=== EXERCISE MATERIALS ===

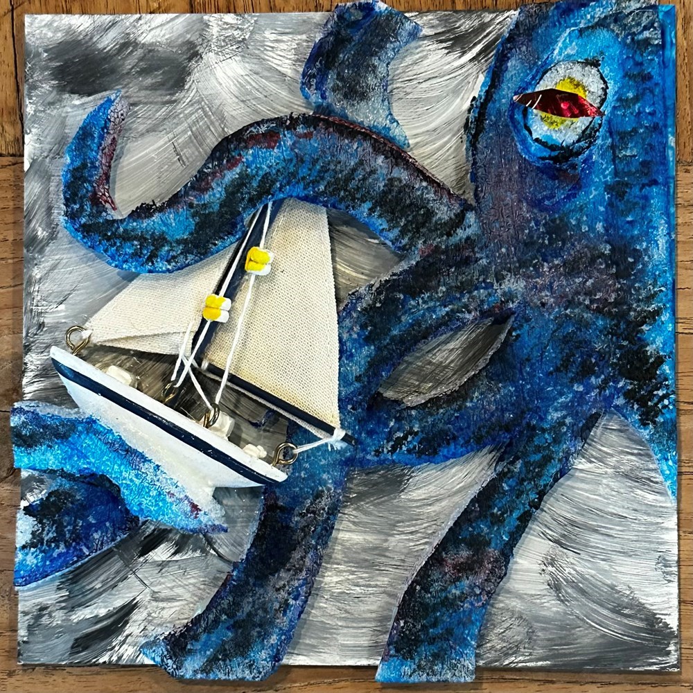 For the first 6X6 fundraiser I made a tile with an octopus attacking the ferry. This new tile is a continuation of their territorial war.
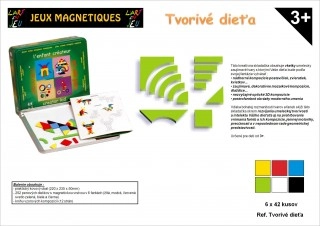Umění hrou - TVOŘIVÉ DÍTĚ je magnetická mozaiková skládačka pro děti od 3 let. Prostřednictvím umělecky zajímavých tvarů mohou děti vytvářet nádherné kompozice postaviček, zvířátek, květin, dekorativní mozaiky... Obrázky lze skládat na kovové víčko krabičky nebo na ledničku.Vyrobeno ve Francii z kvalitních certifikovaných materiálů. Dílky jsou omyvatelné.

===
=== EXERCISE MATERIALS ===

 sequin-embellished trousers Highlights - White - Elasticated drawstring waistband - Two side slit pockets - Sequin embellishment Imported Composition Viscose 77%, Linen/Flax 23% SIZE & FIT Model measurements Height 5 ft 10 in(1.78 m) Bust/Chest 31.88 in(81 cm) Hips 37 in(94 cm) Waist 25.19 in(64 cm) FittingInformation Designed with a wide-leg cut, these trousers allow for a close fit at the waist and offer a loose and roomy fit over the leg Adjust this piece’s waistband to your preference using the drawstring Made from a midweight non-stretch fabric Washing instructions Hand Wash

===

WHAT YOU WILL DO: Pictures in the material above should be skipped; print exactly the lines from the one with "For the first" through the one with "Umění hrou - TVOŘIVÉ".

OUTPUT BELOW:
 For the first 6X6 fundraiser I made a tile with an octopus attacking the ferry. This new tile is a continuation of their territorial war.
Umění hrou - TVOŘIVÉ DÍTĚ je magnetická mozaiková skládačka pro děti od 3 let. Prostřednictvím umělecky zajímavých tvarů mohou děti vytvářet nádherné kompozice postaviček, zvířátek, květin, dekorativní mozaiky... Obrázky lze skládat na kovové víčko krabičky nebo na ledničku.Vyrobeno ve Francii z kvalitních certifikovaných materiálů. Dílky jsou omyvatelné.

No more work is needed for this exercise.